Oral Oncology 2012 October
OBJECTIVES: Oral lichen planus (OLP) is potentially premalignant disorder in which human papillomavirus (HPV) DNA is detected more often than in normal oral mucosa. We assessed HPV-genotype distribution in atrophic OLPs as related to DNA content and repair, proliferation activity, apoptosis, cell adhesion and lymphocyte infiltration.

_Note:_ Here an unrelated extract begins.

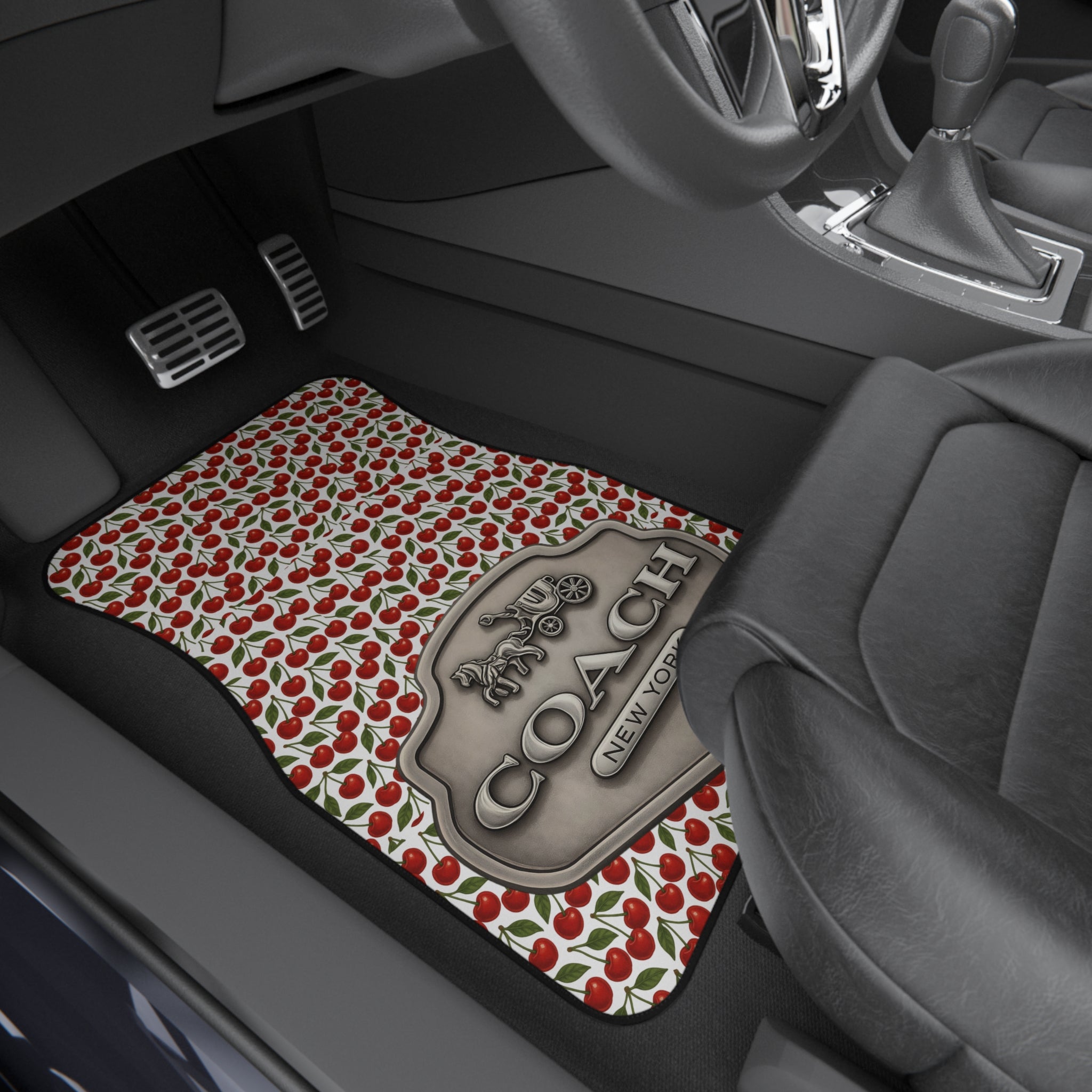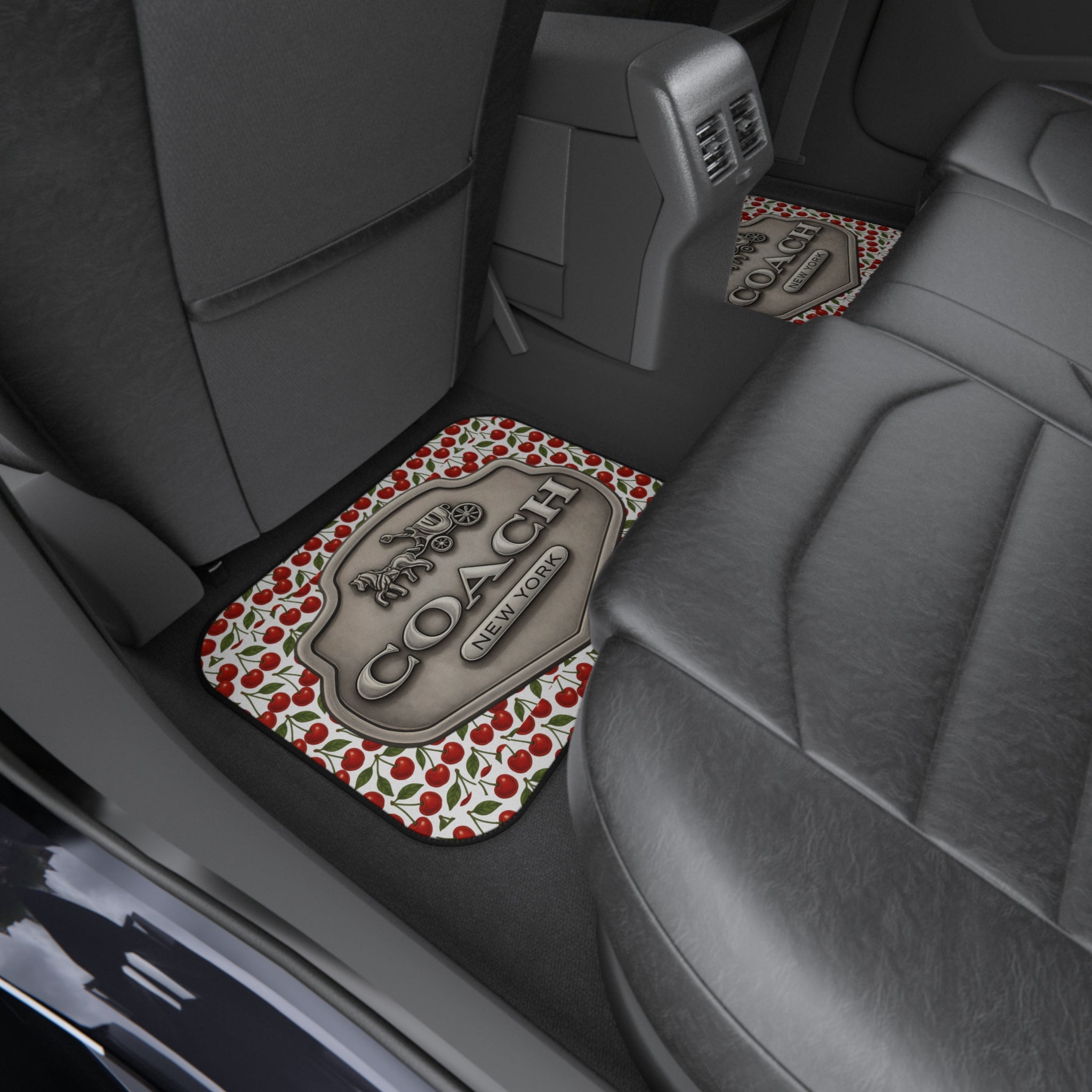 Cherry Blossom Coach Inspired Car Mats Set – Stylish Auto Accessories, Floral Floor Mats, Perfect Gift for Car Lovers, Unique Car Decor
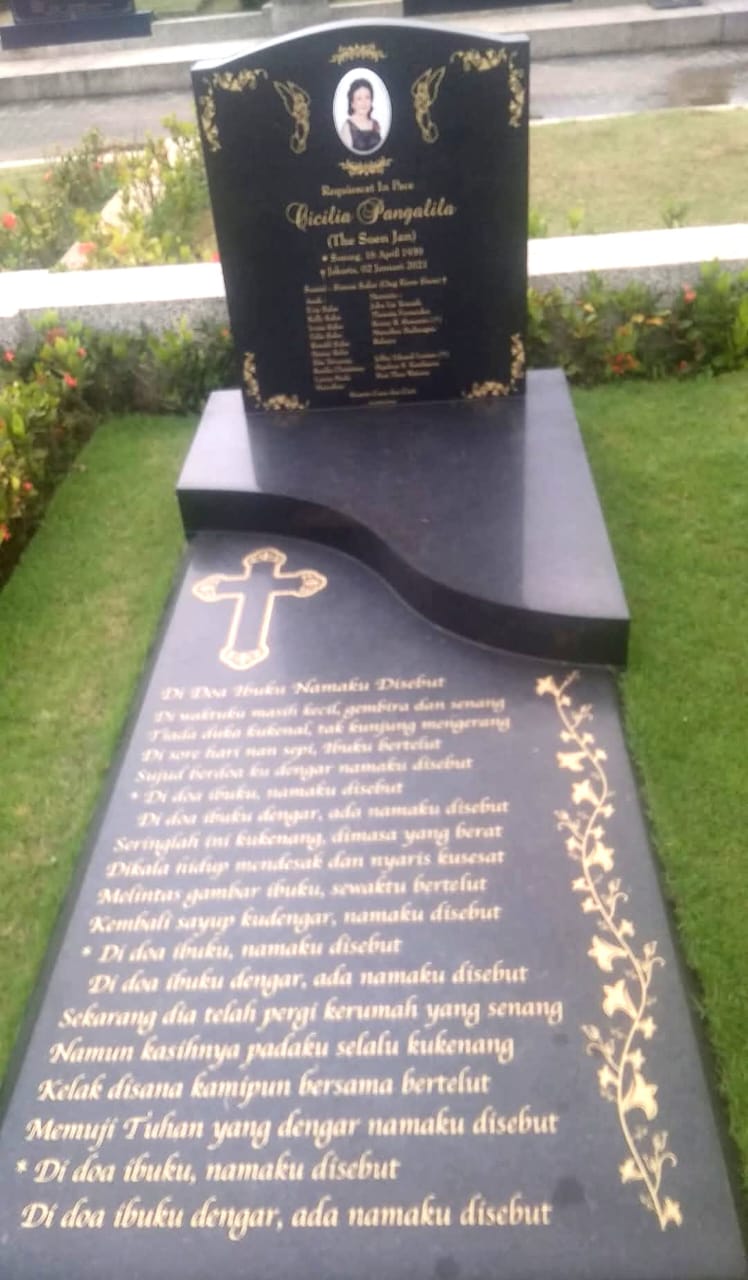 Ibenk grafir indonesia mengerjakan bangunan makam dari media granit dan tinta emas yang berkualiatas dengan mesin samblasting sehingga ukiran lebih dalam rapih

MATERIALS AND METHODS: Eighty-two OLP patients (74.4% women) with a mean follow-up-time of 62.4 months were included in the study. HPV was genotyped with Luminex-based assay detecting 24 HPV-genotypes. Data on a panel of biomarkers and static cytometry performed in these samples before were compared with HPV data.

RESULTS: HPV DNA was found in 15.9% of OLPs with genotypes: HPV6/11/16/31/33 and one multiple-type infection. Two of the five patients who developed cancer had low-risk HPV6/11 infection while three were HPV-negative. There was a statistically significant correlation between HPV DNA in OLP and DNA content and ploidy markers determined with static cytometry: in HPV-positive samples, proliferation index was higher (p=0.016), less cells were in resting state G1/G0 (p=0.021) but more often in the S-phase (p=0.036) than in HPV-negative lesions. HPV positivity was also related to topoisomerase IIα (p=0.051), caspase-3 (p=0.049) and CD20 (p=0.010) protein expression.

CONCLUSION: HPV-infection is associated with a subgroup of atrophic OLP. Static cytometry is a sensitive method to identify HPV-associated changes in DNA content and cell proliferation. Of 16 markers, only topoisomerase IIα (proliferation and DNA repair), caspase-3 (apoptosis) and CD20 (B-lymphocytes) were related to HPV. None of the HR-HPVs but only LR-HPVs were associated with the lesions developed to cancer.